NEW YORK (Reuters) - Benchmark U.S. Treasury yields rose on Friday on a report that Germany may be open to running a deficit to boost growth, while stronger stock markets also reduced demand for safe haven debt.
Government bond yields plunged this week on concerns about global growth and the closely-watched U.S. yield curve between two-year and 10-year notes inverted for the first time since 2007 on Wednesday, signaling a U.S. recession is likely in one-to-two years.
As economic data worsens, central banks globally are expected to adopt increasingly dovish monetary policies to loosen financial conditions.
With much of the European government bond market offering negative yields, however, there is concern that central banks are out of ammunition and that governments will need to turn to fiscal stimulus to bolster their economies.
Treasury yields jumped after Der Spiegel magazine reported that Germany’s right-left coalition government would be prepared to ditch its balanced budget rule and take on new debt to counter a possible recession.
Benchmark 10-year notes were last down 6/32 in price to yield 1.547%, up from a three-year low of 1.475% on Thursday.
Concerns about growth are expected to remain as the U.S.-China trade war shows no signs of resolution.
“The market is attempting to gauge the extent, duration and magnitude of the fallout from the trade war,” said Ian Lyngen, head of U.S. rates strategy at BMO Capital Markets in New York.
Trade tensions likely contributed to a drop in consumer sentiment early this month, which fell to its lowest level since January.
The Federal Reserve is seen as certain to cut rates when it meets next month, despite saying in July that further rate decreases may not be needed following its first cut in over a decade.

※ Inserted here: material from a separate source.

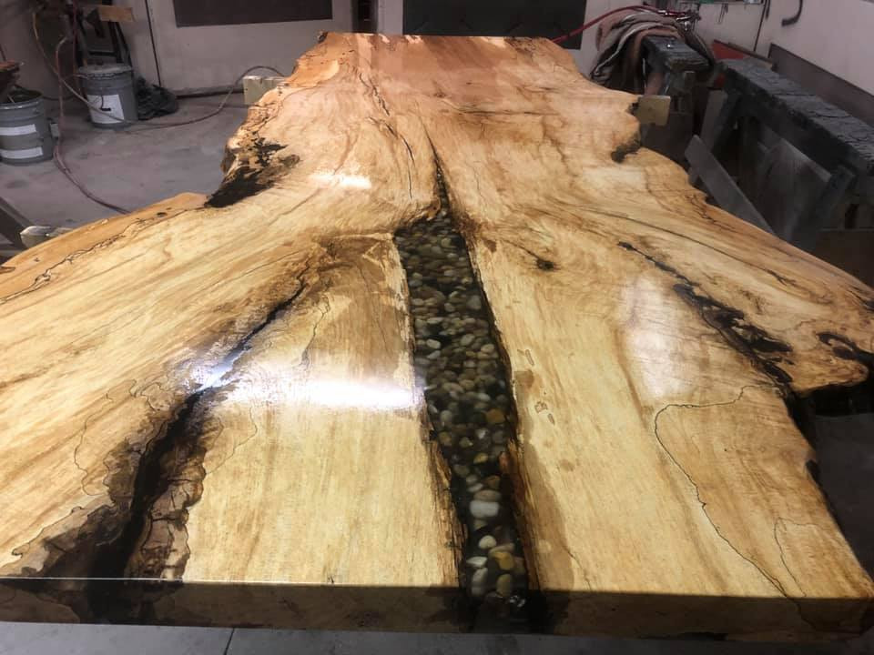12 Spalted Maple Harvest Table With River Rock Inlay

Interest rate futures traders are pricing in an 81% chance of a 25-basis-point cut in September and a 19% chance of a 50-basis-point one, according to the CME Group’s FedWatch tool.
Fed Chairman Jerome Powell is due to speak at the Fed’s economic symposium in Jackson Hole, Wyoming, on Aug. 23. His comments will be closely evaluated for any shift in his stance on future easing.
Plunging yields across the globe have also sent investors to longer-dated debt to capture returns. Thirty-year Treasury bond yields fell to a record low of 1.916% on Thursday. They were last 2.008%.